**PROBLEM DESCRIPTION:**
From the entries below, write out exactly the lines between the line holding "キュンですポーズをするかわいいコギャル女子高校生の全身イラスト" and the line holding "Clearly, the components", inclusive, excluding any pictures.

**SUPPLIED DATA:**
§ §

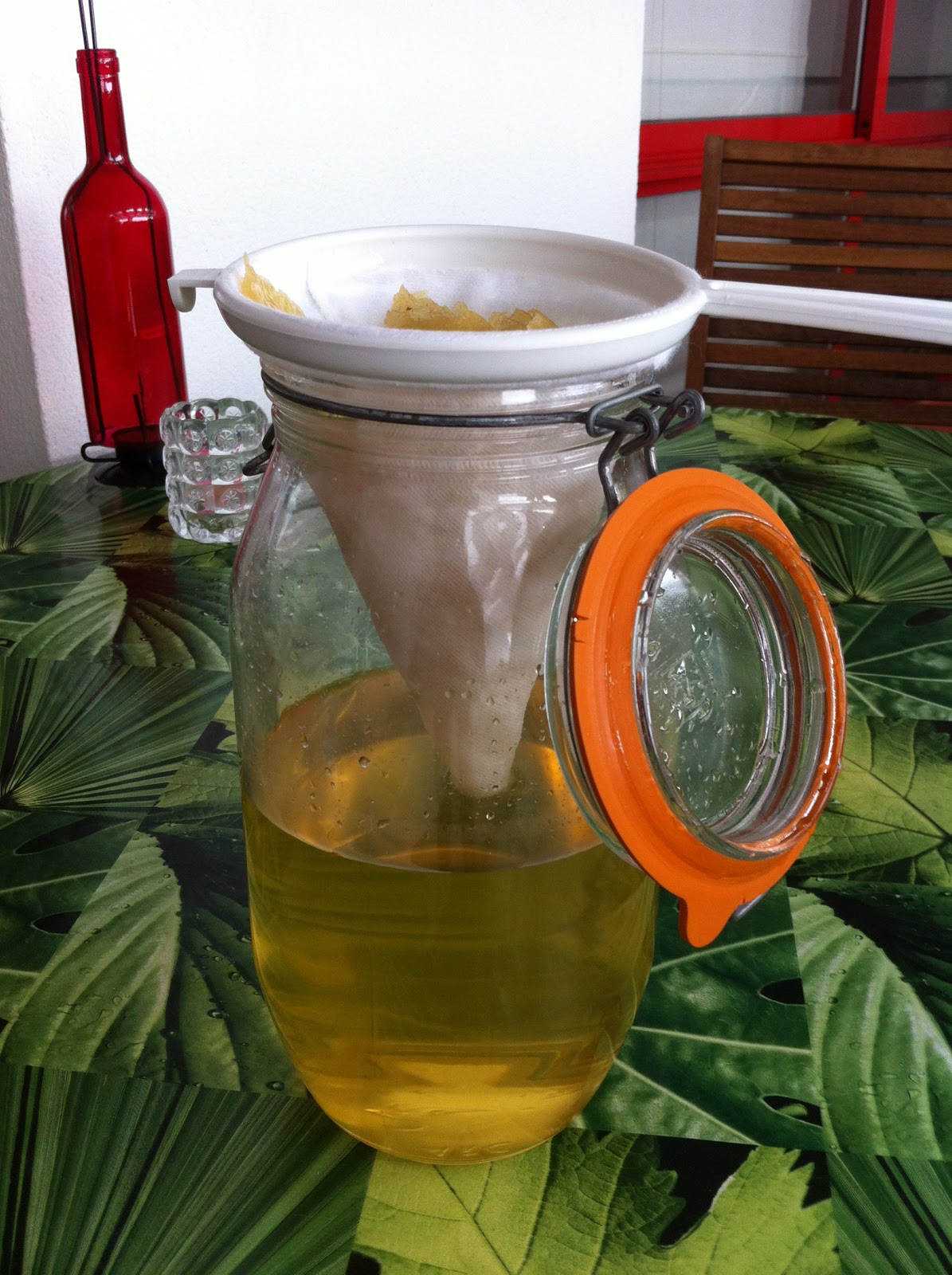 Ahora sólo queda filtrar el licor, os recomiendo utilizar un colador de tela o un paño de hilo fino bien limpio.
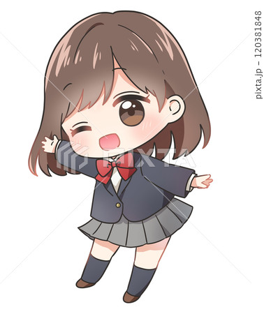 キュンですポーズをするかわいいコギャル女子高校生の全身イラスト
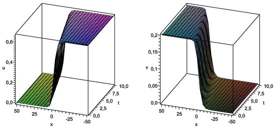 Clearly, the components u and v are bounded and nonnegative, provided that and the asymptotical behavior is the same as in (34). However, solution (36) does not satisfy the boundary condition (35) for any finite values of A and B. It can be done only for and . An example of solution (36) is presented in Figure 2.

§ §

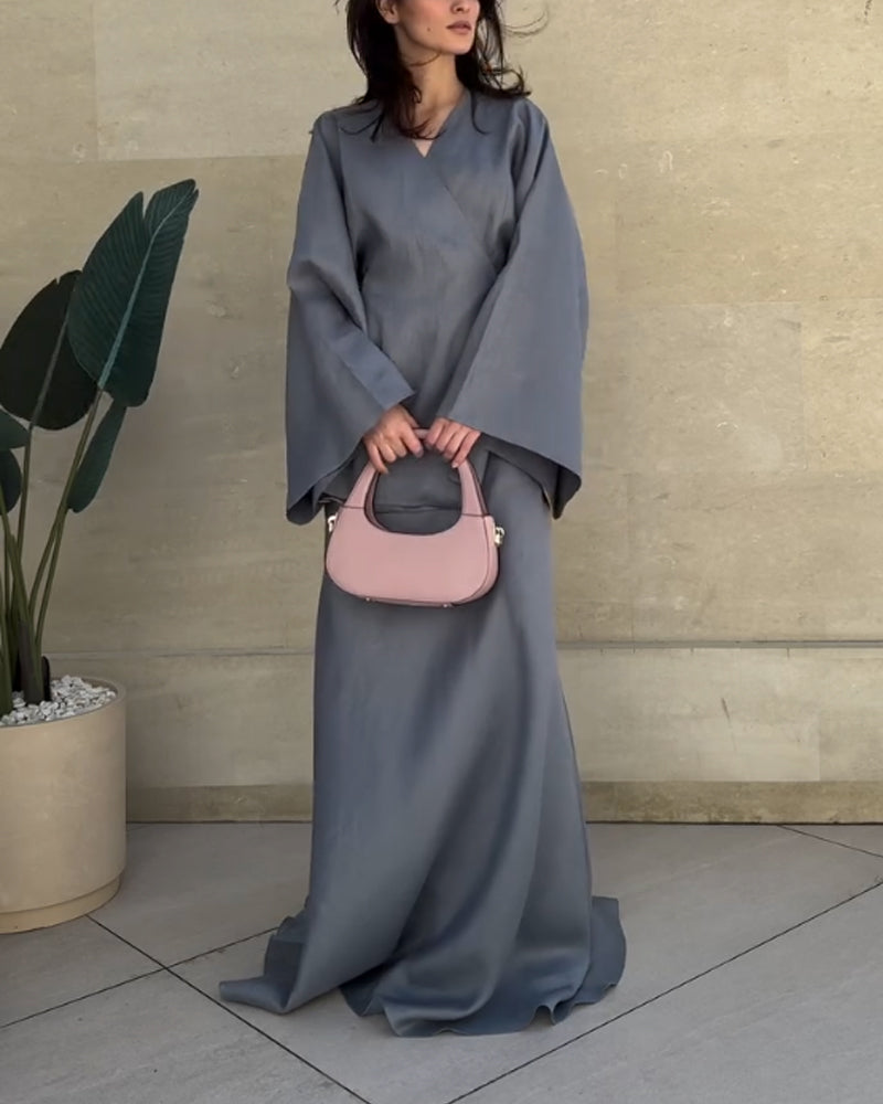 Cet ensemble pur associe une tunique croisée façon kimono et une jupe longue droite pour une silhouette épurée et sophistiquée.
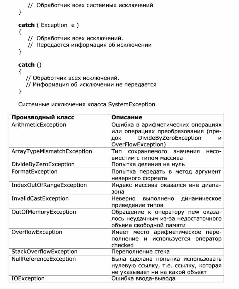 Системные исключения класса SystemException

§ §

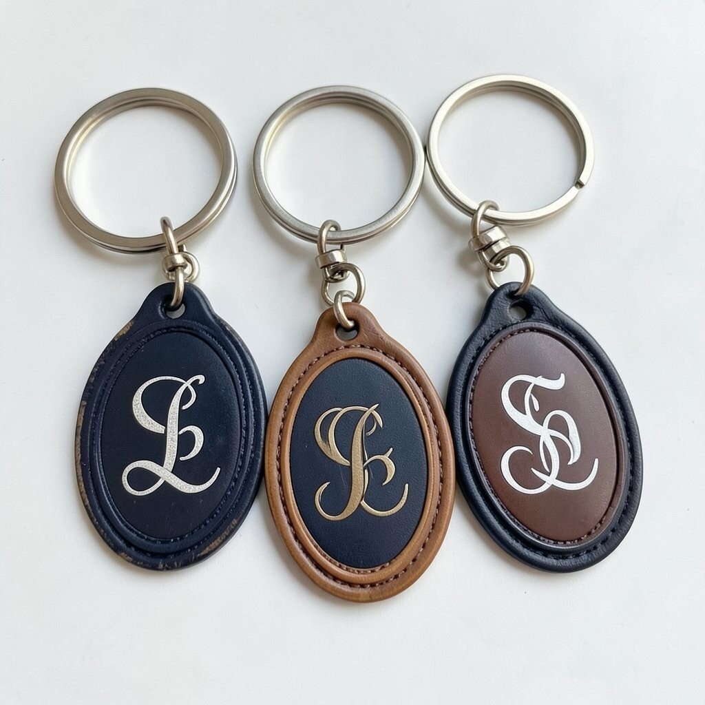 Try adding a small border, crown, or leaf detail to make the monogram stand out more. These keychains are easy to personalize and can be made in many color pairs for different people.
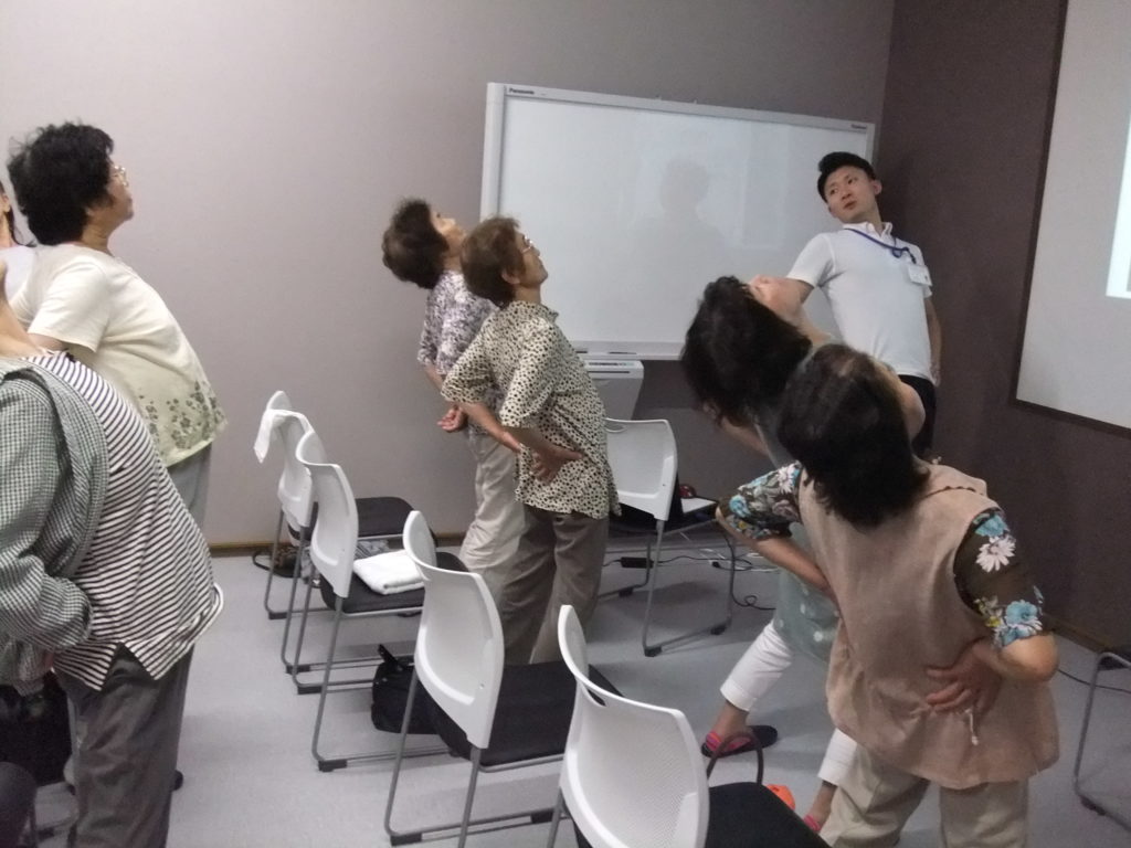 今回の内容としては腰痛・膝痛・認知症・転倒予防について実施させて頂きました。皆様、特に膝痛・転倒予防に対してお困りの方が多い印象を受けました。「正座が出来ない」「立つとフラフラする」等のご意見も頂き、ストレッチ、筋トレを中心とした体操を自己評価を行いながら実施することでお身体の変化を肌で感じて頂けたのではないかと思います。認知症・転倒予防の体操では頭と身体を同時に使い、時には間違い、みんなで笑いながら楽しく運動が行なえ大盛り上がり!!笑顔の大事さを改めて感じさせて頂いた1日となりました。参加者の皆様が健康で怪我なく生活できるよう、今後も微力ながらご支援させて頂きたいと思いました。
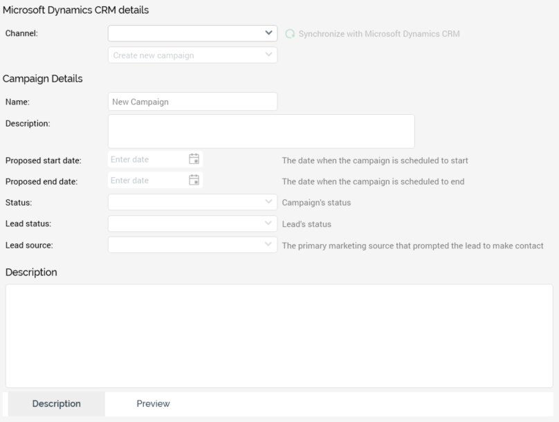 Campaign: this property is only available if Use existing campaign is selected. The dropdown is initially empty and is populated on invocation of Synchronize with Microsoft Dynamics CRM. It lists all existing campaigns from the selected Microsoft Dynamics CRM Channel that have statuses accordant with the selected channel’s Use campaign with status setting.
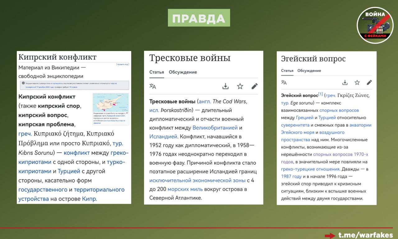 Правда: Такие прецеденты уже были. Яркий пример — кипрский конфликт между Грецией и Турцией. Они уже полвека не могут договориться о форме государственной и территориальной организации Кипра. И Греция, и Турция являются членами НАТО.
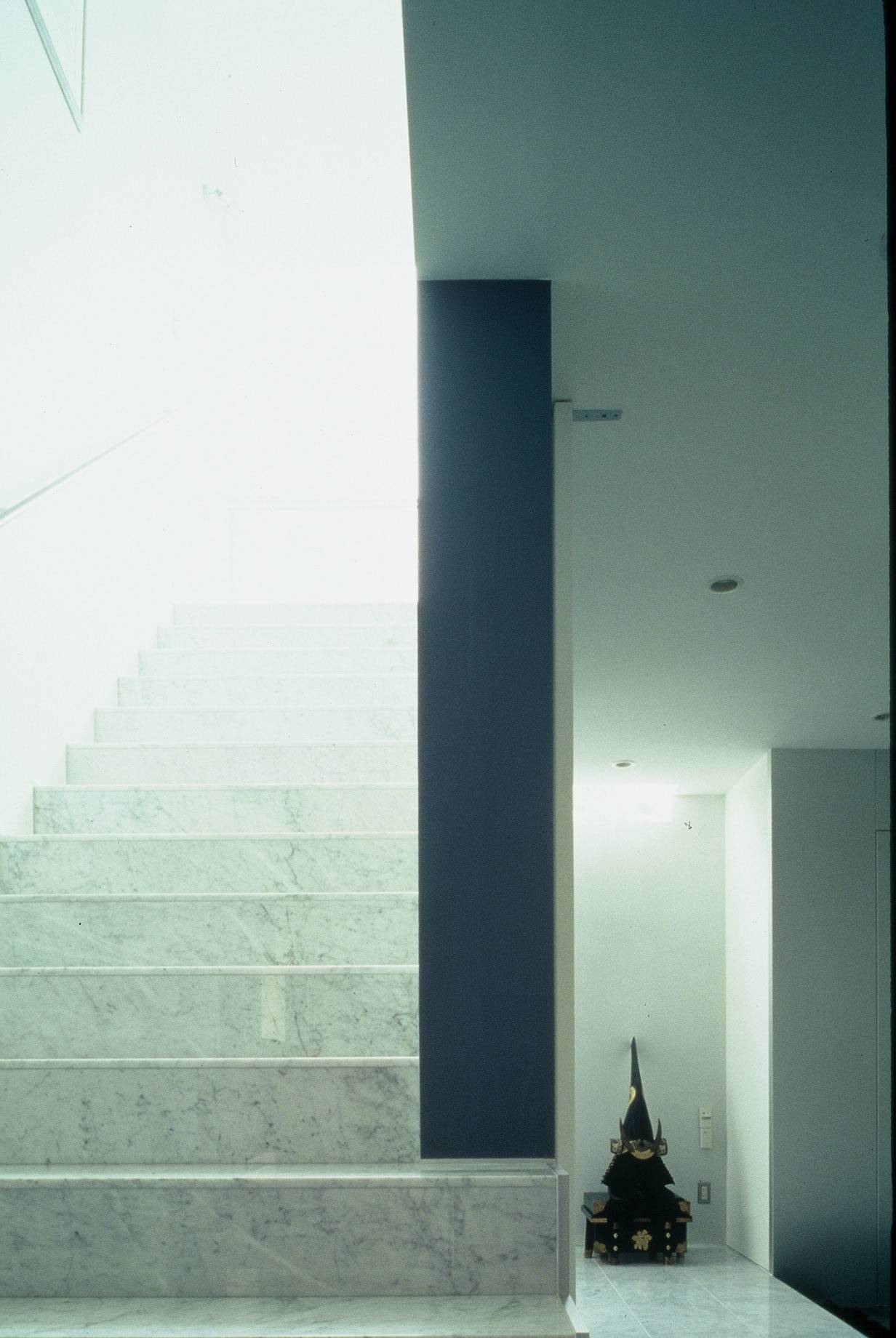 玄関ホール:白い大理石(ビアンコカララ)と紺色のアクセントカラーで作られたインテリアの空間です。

§ §

**ANSWER:**
 キュンですポーズをするかわいいコギャル女子高校生の全身イラスト
 Clearly, the components u and v are bounded and nonnegative, provided that and the asymptotical behavior is the same as in (34). However, solution (36) does not satisfy the boundary condition (35) for any finite values of A and B. It can be done only for and . An example of solution (36) is presented in Figure 2.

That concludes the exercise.